Dataset records:
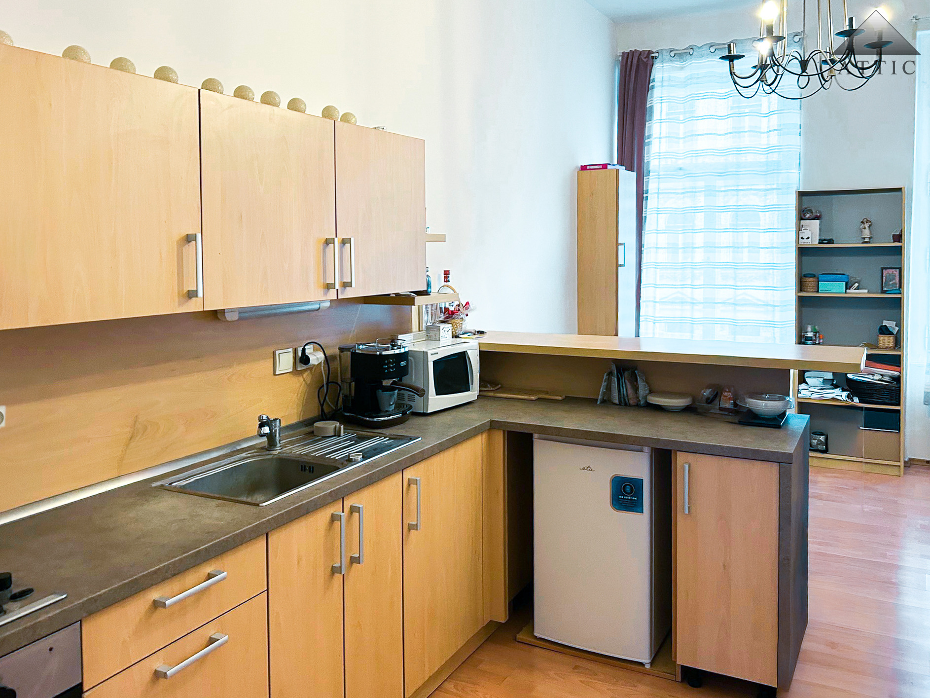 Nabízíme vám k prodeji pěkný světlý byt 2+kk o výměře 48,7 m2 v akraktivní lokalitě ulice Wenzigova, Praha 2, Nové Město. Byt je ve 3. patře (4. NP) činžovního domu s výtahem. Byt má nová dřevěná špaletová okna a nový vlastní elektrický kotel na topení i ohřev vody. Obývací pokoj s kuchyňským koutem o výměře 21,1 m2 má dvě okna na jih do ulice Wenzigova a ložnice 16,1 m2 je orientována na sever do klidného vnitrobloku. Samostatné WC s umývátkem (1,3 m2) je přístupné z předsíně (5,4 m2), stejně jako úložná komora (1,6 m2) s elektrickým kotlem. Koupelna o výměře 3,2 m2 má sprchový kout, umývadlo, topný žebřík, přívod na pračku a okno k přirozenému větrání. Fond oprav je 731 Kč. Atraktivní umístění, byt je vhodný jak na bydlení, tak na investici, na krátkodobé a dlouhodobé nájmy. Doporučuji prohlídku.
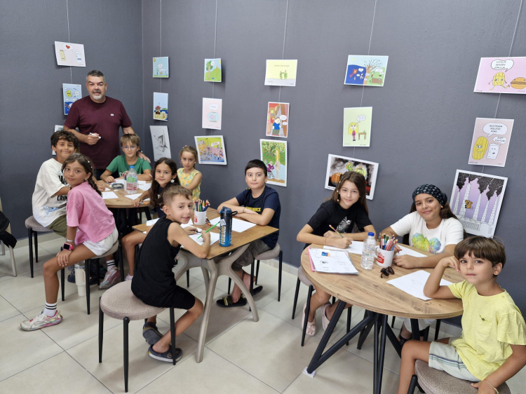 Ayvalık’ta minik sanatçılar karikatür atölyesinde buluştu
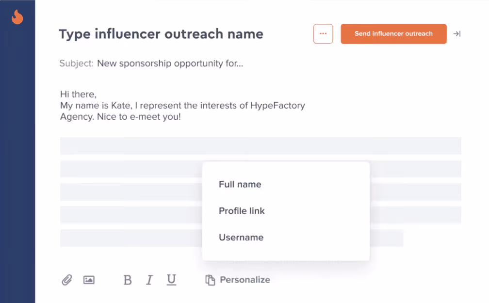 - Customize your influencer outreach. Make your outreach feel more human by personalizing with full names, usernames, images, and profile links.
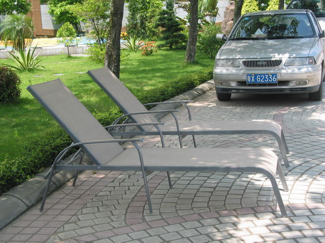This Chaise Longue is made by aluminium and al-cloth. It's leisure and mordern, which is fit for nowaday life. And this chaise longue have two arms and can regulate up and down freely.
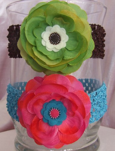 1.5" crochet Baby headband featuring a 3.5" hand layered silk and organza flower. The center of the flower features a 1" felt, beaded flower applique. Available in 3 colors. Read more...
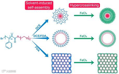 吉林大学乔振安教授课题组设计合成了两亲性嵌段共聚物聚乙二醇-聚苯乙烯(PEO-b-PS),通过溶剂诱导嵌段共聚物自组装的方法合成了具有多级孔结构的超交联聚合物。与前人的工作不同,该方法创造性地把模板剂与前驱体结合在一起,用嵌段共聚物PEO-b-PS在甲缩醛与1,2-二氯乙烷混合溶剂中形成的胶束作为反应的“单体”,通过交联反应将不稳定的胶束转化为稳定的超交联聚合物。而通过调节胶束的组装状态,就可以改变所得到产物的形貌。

Exercise details:
The answer must be an exact copy of the lines from the start of the records above through the line containing "This Chaise Longue is", with no pictures in it.

Answer section:
 Nabízíme vám k prodeji pěkný světlý byt 2+kk o výměře 48,7 m2 v akraktivní lokalitě ulice Wenzigova, Praha 2, Nové Město. Byt je ve 3. patře (4. NP) činžovního domu s výtahem. Byt má nová dřevěná špaletová okna a nový vlastní elektrický kotel na topení i ohřev vody. Obývací pokoj s kuchyňským koutem o výměře 21,1 m2 má dvě okna na jih do ulice Wenzigova a ložnice 16,1 m2 je orientována na sever do klidného vnitrobloku. Samostatné WC s umývátkem (1,3 m2) je přístupné z předsíně (5,4 m2), stejně jako úložná komora (1,6 m2) s elektrickým kotlem. Koupelna o výměře 3,2 m2 má sprchový kout, umývadlo, topný žebřík, přívod na pračku a okno k přirozenému větrání. Fond oprav je 731 Kč. Atraktivní umístění, byt je vhodný jak na bydlení, tak na investici, na krátkodobé a dlouhodobé nájmy. Doporučuji prohlídku.
 Ayvalık’ta minik sanatçılar karikatür atölyesinde buluştu
 - Customize your influencer outreach. Make your outreach feel more human by personalizing with full names, usernames, images, and profile links.
This Chaise Longue is made by aluminium and al-cloth. It's leisure and mordern, which is fit for nowaday life. And this chaise longue have two arms and can regulate up and down freely.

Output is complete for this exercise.